**Data shown:**
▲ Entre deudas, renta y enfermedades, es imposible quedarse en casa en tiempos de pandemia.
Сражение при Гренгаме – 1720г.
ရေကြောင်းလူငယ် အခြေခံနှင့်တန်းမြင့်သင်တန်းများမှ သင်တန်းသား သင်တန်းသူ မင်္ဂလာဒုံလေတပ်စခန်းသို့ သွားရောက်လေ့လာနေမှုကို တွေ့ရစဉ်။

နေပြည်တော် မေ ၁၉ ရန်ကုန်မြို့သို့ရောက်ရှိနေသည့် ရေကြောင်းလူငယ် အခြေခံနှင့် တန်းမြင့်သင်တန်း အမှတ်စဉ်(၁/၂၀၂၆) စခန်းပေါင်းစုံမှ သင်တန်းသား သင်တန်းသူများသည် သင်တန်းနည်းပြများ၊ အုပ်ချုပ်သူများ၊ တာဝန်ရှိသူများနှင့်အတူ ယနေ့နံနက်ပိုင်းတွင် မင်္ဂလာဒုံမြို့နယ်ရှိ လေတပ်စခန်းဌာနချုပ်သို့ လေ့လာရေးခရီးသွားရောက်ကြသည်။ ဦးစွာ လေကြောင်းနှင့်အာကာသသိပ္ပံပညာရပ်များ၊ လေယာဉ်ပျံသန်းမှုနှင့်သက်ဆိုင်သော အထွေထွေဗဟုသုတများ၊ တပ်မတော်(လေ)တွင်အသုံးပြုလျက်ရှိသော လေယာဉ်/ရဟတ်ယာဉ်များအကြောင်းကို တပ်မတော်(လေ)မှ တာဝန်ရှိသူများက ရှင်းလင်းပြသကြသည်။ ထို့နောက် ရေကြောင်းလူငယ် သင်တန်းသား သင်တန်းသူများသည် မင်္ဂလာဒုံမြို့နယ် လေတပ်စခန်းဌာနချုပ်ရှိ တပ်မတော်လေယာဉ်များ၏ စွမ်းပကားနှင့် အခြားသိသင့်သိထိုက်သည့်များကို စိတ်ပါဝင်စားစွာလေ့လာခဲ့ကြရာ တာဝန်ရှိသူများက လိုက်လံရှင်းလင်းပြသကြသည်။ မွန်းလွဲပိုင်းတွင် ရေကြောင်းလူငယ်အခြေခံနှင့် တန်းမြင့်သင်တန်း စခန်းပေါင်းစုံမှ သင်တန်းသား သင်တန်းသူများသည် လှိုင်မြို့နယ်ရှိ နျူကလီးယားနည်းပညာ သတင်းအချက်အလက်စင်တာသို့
---
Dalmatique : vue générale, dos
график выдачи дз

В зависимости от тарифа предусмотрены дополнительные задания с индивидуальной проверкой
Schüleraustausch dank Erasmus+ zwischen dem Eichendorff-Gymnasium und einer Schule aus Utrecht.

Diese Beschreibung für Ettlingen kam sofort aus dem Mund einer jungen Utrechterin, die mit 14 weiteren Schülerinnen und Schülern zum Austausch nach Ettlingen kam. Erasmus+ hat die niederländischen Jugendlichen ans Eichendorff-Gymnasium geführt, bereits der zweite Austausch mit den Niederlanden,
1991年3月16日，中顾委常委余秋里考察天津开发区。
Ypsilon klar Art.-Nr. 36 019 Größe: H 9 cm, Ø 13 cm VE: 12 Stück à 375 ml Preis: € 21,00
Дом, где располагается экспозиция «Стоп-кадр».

**Task objective:** Taking the entries above, print exactly the lines starting at the line with "Сражение при Гренгаме – 1720г." and ending at the line with "နေပြည်တော် မေ ၁၉", both included.

**Exercise answer:**
Сражение при Гренгаме – 1720г.
ရေကြောင်းလူငယ် အခြေခံနှင့်တန်းမြင့်သင်တန်းများမှ သင်တန်းသား သင်တန်းသူ မင်္ဂလာဒုံလေတပ်စခန်းသို့ သွားရောက်လေ့လာနေမှုကို တွေ့ရစဉ်။

နေပြည်တော် မေ ၁၉ ရန်ကုန်မြို့သို့ရောက်ရှိနေသည့် ရေကြောင်းလူငယ် အခြေခံနှင့် တန်းမြင့်သင်တန်း အမှတ်စဉ်(၁/၂၀၂၆) စခန်းပေါင်းစုံမှ သင်တန်းသား သင်တန်းသူများသည် သင်တန်းနည်းပြများ၊ အုပ်ချုပ်သူများ၊ တာဝန်ရှိသူများနှင့်အတူ ယနေ့နံနက်ပိုင်းတွင် မင်္ဂလာဒုံမြို့နယ်ရှိ လေတပ်စခန်းဌာနချုပ်သို့ လေ့လာရေးခရီးသွားရောက်ကြသည်။ ဦးစွာ လေကြောင်းနှင့်အာကာသသိပ္ပံပညာရပ်များ၊ လေယာဉ်ပျံသန်းမှုနှင့်သက်ဆိုင်သော အထွေထွေဗဟုသုတများ၊ တပ်မတော်(လေ)တွင်အသုံးပြုလျက်ရှိသော လေယာဉ်/ရဟတ်ယာဉ်များအကြောင်းကို တပ်မတော်(လေ)မှ တာဝန်ရှိသူများက ရှင်းလင်းပြသကြသည်။ ထို့နောက် ရေကြောင်းလူငယ် သင်တန်းသား သင်တန်းသူများသည် မင်္ဂလာဒုံမြို့နယ် လေတပ်စခန်းဌာနချုပ်ရှိ တပ်မတော်လေယာဉ်များ၏ စွမ်းပကားနှင့် အခြားသိသင့်သိထိုက်သည့်များကို စိတ်ပါဝင်စားစွာလေ့လာခဲ့ကြရာ တာဝန်ရှိသူများက လိုက်လံရှင်းလင်းပြသကြသည်။ မွန်းလွဲပိုင်းတွင် ရေကြောင်းလူငယ်အခြေခံနှင့် တန်းမြင့်သင်တန်း စခန်းပေါင်းစုံမှ သင်တန်းသား သင်တန်းသူများသည် လှိုင်မြို့နယ်ရှိ နျူကလီးယားနည်းပညာ သတင်းအချက်အလက်စင်တာသို့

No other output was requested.